### What is being asked
Using the records below, quote only the span that opens with the line containing "Figure 1. SFP" and closes with the line containing "Pete Holtus –", exactly and inclusively.

### Data extracts
┌──

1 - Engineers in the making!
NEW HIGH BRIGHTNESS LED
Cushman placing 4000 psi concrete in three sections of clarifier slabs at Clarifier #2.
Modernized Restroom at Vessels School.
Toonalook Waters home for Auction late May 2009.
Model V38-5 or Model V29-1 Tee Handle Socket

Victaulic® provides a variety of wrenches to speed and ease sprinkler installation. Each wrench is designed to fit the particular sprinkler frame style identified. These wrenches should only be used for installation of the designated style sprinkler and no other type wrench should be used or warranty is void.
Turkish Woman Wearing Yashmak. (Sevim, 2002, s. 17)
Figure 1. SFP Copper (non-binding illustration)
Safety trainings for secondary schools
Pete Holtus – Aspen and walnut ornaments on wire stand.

└──
┌──

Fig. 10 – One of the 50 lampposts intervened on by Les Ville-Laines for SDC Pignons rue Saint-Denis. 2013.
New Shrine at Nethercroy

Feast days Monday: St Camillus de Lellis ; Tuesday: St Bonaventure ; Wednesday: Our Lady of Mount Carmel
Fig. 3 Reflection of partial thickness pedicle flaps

└──

### Written solution
Figure 1. SFP Copper (non-binding illustration)
Safety trainings for secondary schools
Pete Holtus – Aspen and walnut ornaments on wire stand.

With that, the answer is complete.